Mission 501: Looking Forward
In 2020, the coronavirus pandemic and ensuing lockdown and disruptions gave the group a chance to consider both their future and their past. The RM Group chairman Mahendra Kumar Jain rolled out Mission 501, a nod towards the popular nickname by which Babulalji Jain was known in social circles and especially in the city of Bhopal. Mission 501 is slated to unfold over the next five years, till 2025, with the group focusing on developing new verticals while acquiring leadership positions in existing operations.

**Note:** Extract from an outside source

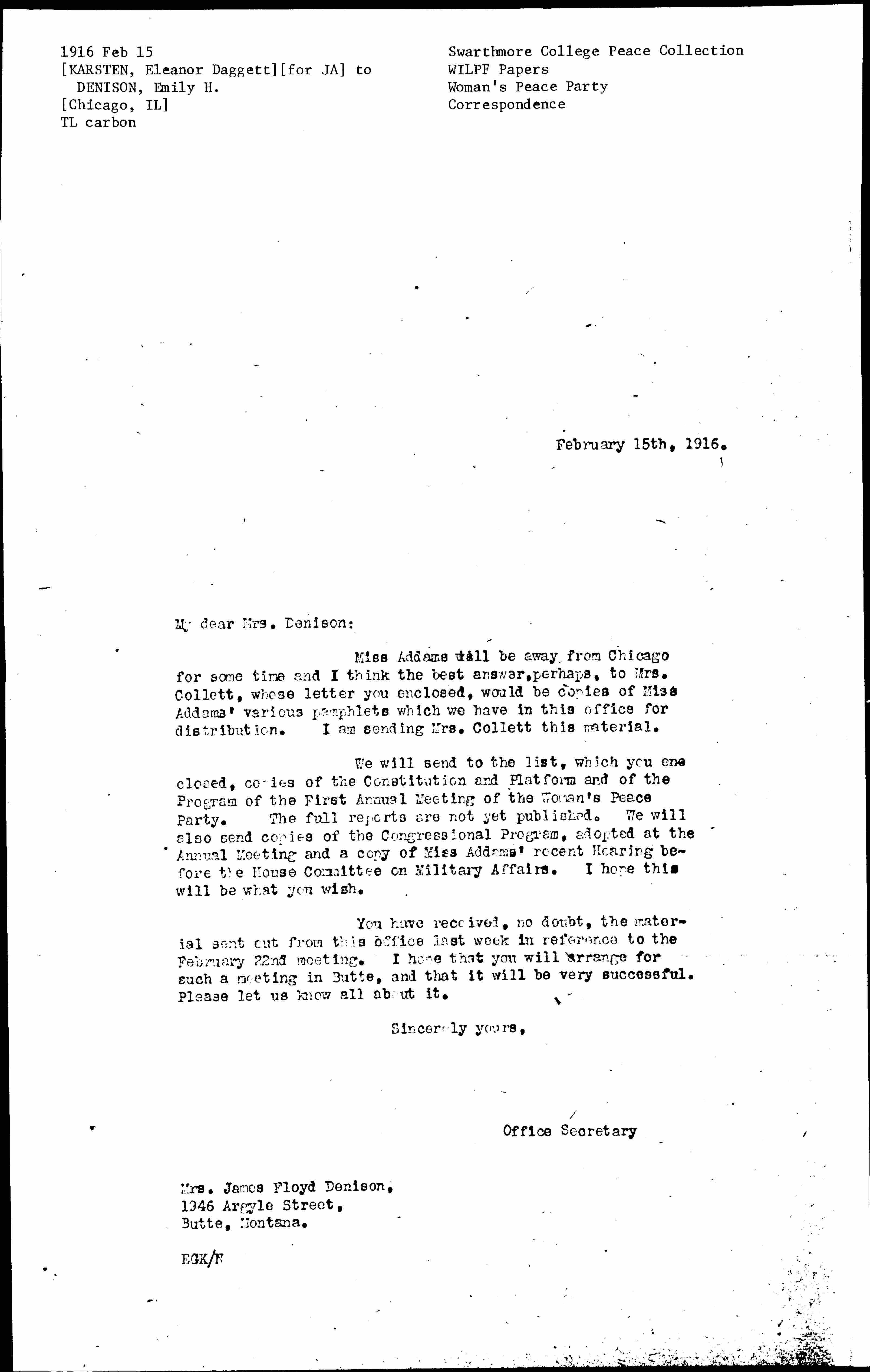 We will send to the list, which you enclosed, copies of the Constitution and Platform and of the Program of the First Annual Meeting of the Woman's Peace Party. The full reports are not yet published. We will also send copies of the Congressional Program, adopted at the Annual Meeting and a copy of Miss Addams' recent Hearing before the House Committee on Military Affairs. I hope this will be what you wish.

It is also a clarion call to develop the business beyond the family circle while retaining the values that brought them success in the first place. Rakesh Jain says, “There is no end to the money that can be made but that’s not the only benchmark for achievement. We directly support two thousand five hundred families through our employees – five thousand, if you count transporters, vendors, contractors, service providers and so on. Over the years, through local hiring, engagement and business we have created an ecosystem that is slowly expanding, and it’s important to make sure that it continues and is sustained. It takes a lot of time, perseverance and hard work to keep it on track, and very little to derail it. Our target is to double this ecosystem every five years.”
It’s not an easy task. “The more we grow, the more we are answerable and accountable to an even greater number of people,” he continues. “We had a very strong foundation with what we inherited, and after the agency, our next big milestone was the foray into manufacturing. Launching Mission 501 is a crucial moment and will define our direction for the coming twenty-five to thirty years.”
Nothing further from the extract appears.